WHAT THE EXERCISE ASKS » The response must consist of the lines below from the one with "Spiral Necklace &" through the one with "Na čarobnih prizoriščih", exactly as they appear and with both ends kept.

DATA TO USE »
==*==

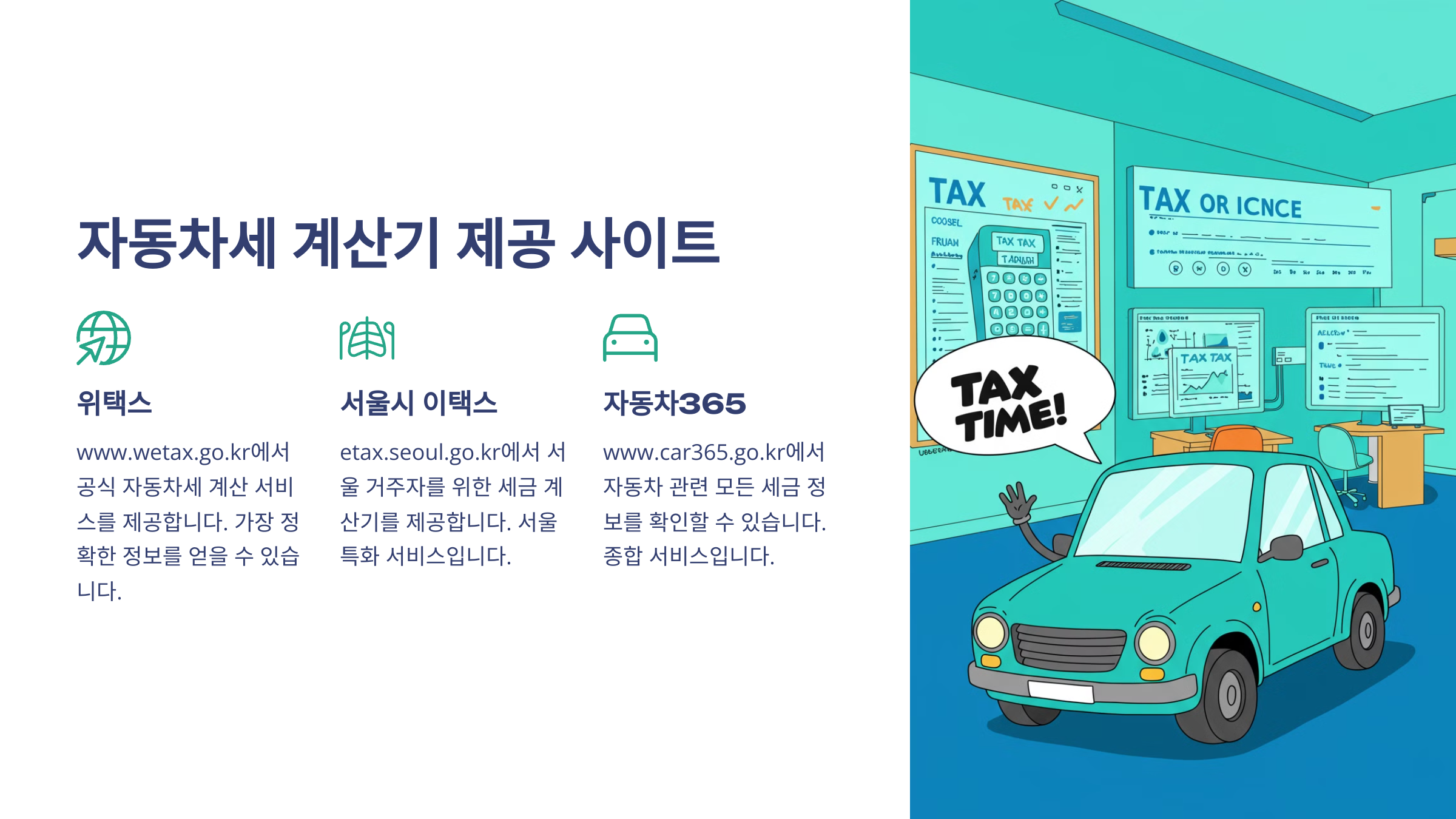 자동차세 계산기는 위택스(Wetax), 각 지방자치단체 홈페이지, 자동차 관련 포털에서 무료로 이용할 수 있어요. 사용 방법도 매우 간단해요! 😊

==*==

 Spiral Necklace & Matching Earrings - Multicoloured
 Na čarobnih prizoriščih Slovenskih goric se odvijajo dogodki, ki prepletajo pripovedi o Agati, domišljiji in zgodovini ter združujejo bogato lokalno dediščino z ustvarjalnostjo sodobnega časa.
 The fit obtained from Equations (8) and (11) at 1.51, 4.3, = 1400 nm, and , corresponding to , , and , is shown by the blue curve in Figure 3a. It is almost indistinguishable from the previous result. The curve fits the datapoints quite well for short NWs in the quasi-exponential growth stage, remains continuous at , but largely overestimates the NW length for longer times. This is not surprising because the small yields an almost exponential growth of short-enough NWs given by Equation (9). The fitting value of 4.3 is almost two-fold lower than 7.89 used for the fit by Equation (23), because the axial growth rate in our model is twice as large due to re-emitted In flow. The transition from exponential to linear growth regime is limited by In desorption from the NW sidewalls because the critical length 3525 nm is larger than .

==*==

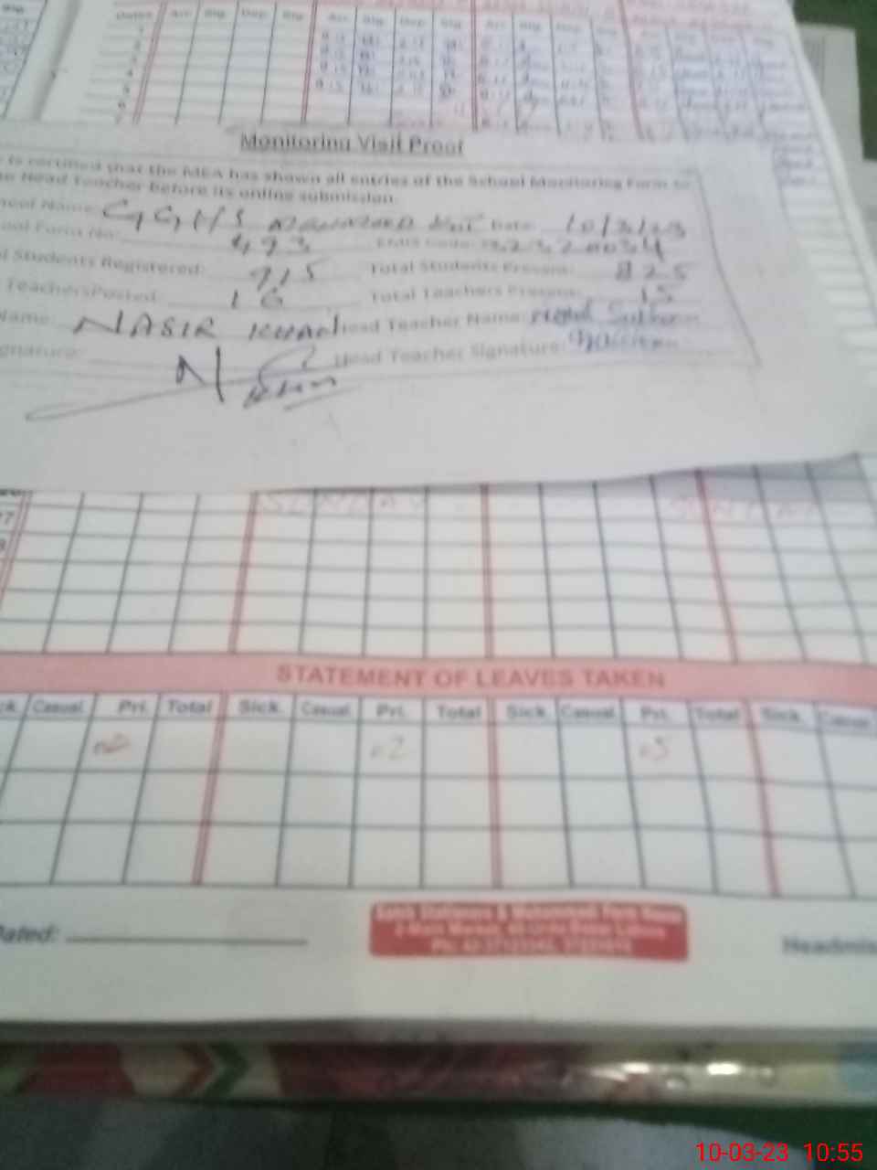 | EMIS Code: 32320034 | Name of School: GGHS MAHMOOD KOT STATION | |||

==*==

EXERCISE OUTPUT »
 Spiral Necklace & Matching Earrings - Multicoloured
 Na čarobnih prizoriščih Slovenskih goric se odvijajo dogodki, ki prepletajo pripovedi o Agati, domišljiji in zgodovini ter združujejo bogato lokalno dediščino z ustvarjalnostjo sodobnega časa.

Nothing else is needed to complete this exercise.